RECORD EXCERPTS =

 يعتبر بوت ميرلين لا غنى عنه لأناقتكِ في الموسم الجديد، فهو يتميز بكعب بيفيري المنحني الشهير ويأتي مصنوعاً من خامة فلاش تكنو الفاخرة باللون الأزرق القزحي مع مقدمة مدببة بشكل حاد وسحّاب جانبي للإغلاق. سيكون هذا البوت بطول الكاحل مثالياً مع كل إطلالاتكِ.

==

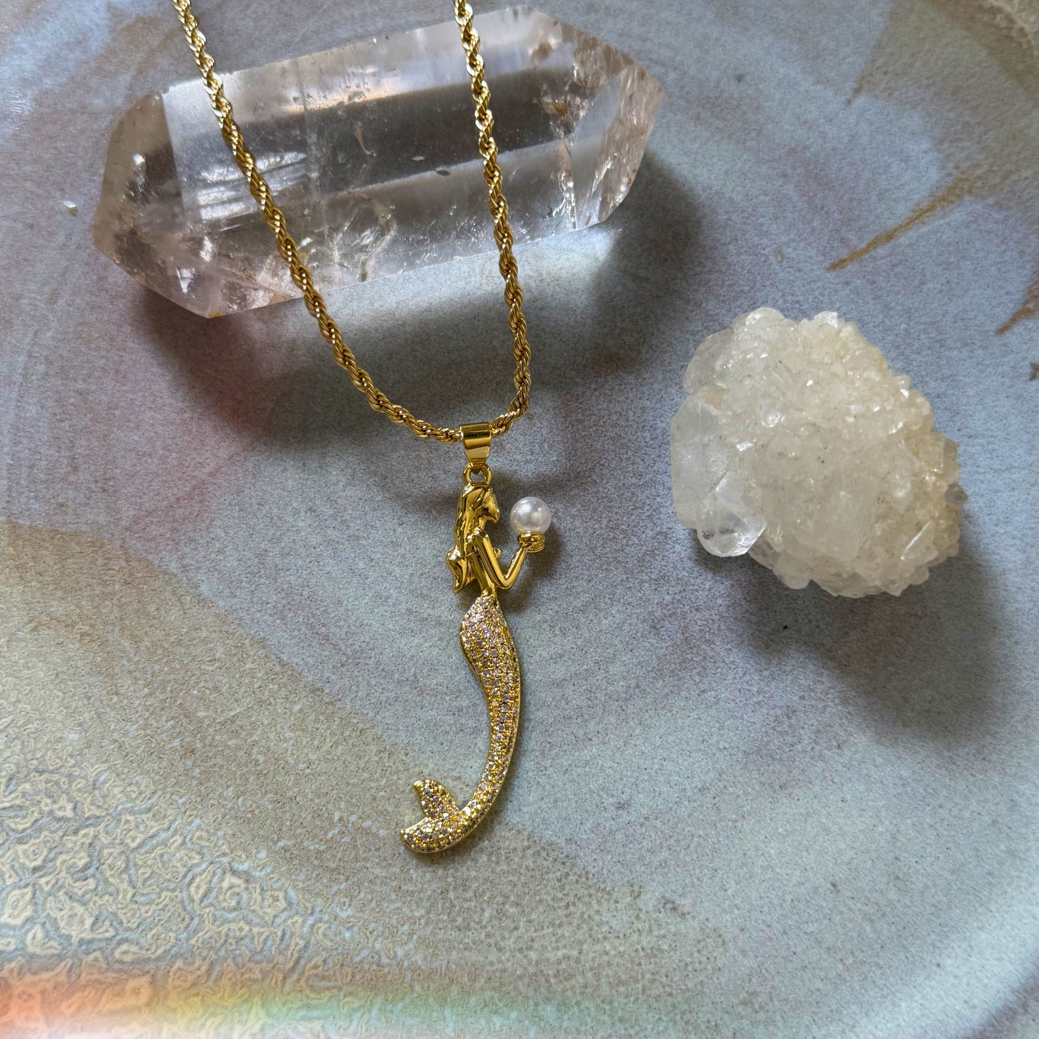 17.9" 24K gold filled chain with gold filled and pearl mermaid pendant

---

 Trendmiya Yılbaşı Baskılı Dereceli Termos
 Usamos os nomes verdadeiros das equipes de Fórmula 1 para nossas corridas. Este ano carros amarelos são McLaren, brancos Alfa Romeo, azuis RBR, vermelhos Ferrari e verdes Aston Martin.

WHAT YOU ARE ASKED TO DO = Send back an exact copy of only the lines from the line with "Trendmiya Yılbaşı Baskılı Dereceli Termos" up to and including the line with "Usamos os nomes" in the data above.

ANSWER SPACE =
 Trendmiya Yılbaşı Baskılı Dereceli Termos
 Usamos os nomes verdadeiros das equipes de Fórmula 1 para nossas corridas. Este ano carros amarelos são McLaren, brancos Alfa Romeo, azuis RBR, vermelhos Ferrari e verdes Aston Martin.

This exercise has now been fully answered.